The third risk is strategic. As Washington pulls its civilian sensors out of the water, Beijing is racing to put more in. Under what China calls its “Transparent Ocean” strategy, the government is building a seabed-to-space sensing network, cabled seafloor observatories, moored arrays, and long-range gliders measuring similar temperature, salinity, and sound-speed data that the Ocean Observatories Initiative collected. This system is still mostly aspirational. As one expert told a congressional commission, China has “the ambition, though not yet the capacity.” But the direction of policy change is unmistakable. China is working to see more of the ocean, and the United States is choosing to see less.
While the U.S. military continues to operate its own ocean data collection, the loss of civilian capacity in the United States still creates a security challenge. A public record like the OOI helps to fill gaps and build a more complete picture of the ocean that can be leveraged across all government agencies. Further, the dismantling of the OOI is part of a larger pattern of cuts from this administration that add up to a blind spot greater than the sum of its parts. From attempting to shut down the National Center for Atmospheric Research (NCAR), a core climate and weather facility, to reducing resources for the National Weather Service, to cutting funding for NOAA’s cooperative research institutes, the administration is choosing both to ignore changes in the physical world it has to operate in, and curb its ability to respond to those changes.
Managing the risks outlined above, an Atlantic circulation that may be tipping, hazards along U.S. coasts, a forthcoming El Niño, and maintaining a strategic edge against U.S. competitors all require robust data to inform decision-making. The United States is choosing to navigate a more volatile ocean with diminishing visibility, as one oceanographer put it. That is a terrible choice for any country trying to navigate today’s complex, cascading risk environment.

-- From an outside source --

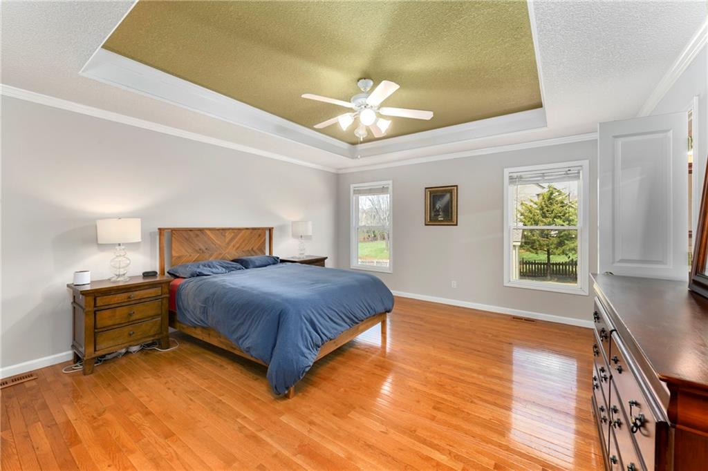 This is a beautiful 4 Bedroom, 3 Bath home in Lansing's only subdivision with a community pool! It's a lot of space for the money and has beautiful wood floors throughout the whole home! You will love the big, open kitchen with lots of cabinets & granite countertops! Large great room, formal dining plus big family room on walk-out lower level! Big, fenced back yard has a deck, patio & shed! Whole house interior was recently painted. Don’t miss your opportunity to see this lovely home in a great location. Neighborhood is across the street from Lansing High School, easy access to Fort Leavenworth and K7.
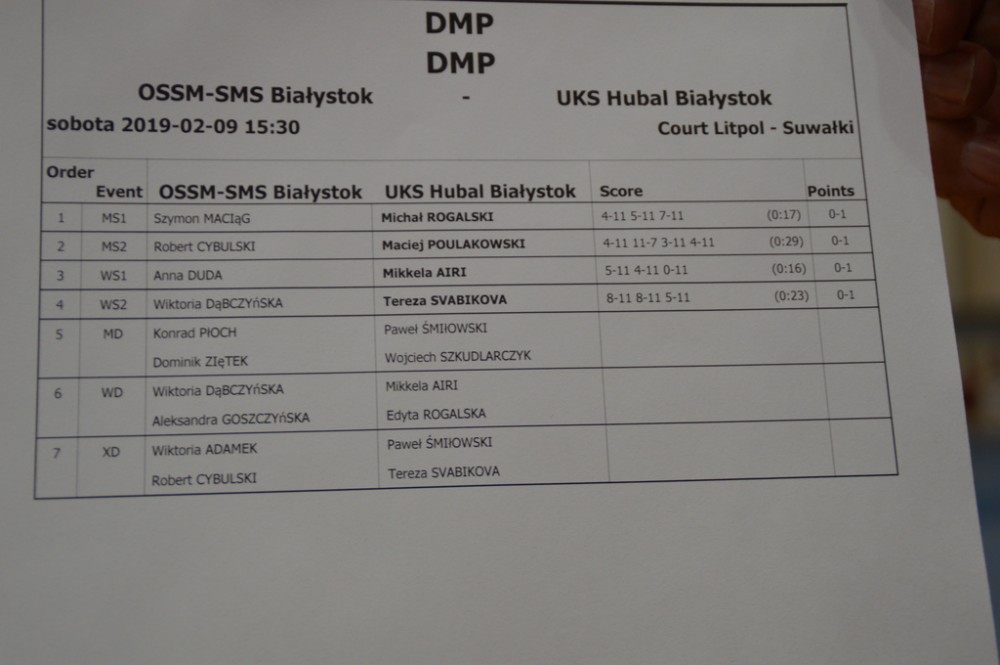 Kibice w hali OSiR byli pełni nadziei, że SKB Litpol-Malow sięgnie po 18. już tytuł, bo po grach pojedynczych mężczyzn gospodarze prowadzili 2:0. Suwalski Duńczyk Emil Holst w niespełna kwadrans uporał się z Miłoszem Kaimem, a w stojącym na dobrym poziomie pojedynku dwóch kadrowiczów Mateusz Świerczyński pokonał Mateusza Dubowskiego, wicemistrza kraju.

The OOI removal, once complete, would be hard to reverse. Once ships haul moorings up from thousands of meters down, the data record stops and the gap cannot be backfilled. A resumption of the program could start a new record later, but could never recover the years not measured. Rebuilding the network from scratch would cost far more than keeping the current one running.
The window is still open for fixes to this problem. There may be room for legal action to challenge the removals. One avenue could be an Administrative Procedure Act challenge, brought by OOI’s manager or a similarly affected party, arguing that NSF’s decision was arbitrary and capricious — for instance, that the agency failed to adequately justify dismantling the arrays or to follow required process. A separate question is whether unwinding a program Congress chose to fund implicates legal constraints on impoundment.
Also, Congress could pass legislation to prevent the use of funding for further removals next year or require the administration to consider selling the arrays to a trusted partner, though fast action is needed because the equipment, once removed, is effectively lost. The European Union is a potential buyer; in response to U.S. cuts, it recently announced investment in a new program, “Ocean Eye,” that is designed to provide 35 percent of the global ocean observation system by 2035. The goal is simple. Maintain awareness and prevent surprise. The cost of watching is small next to the cost of being caught off guard to changes in the world’s oceans.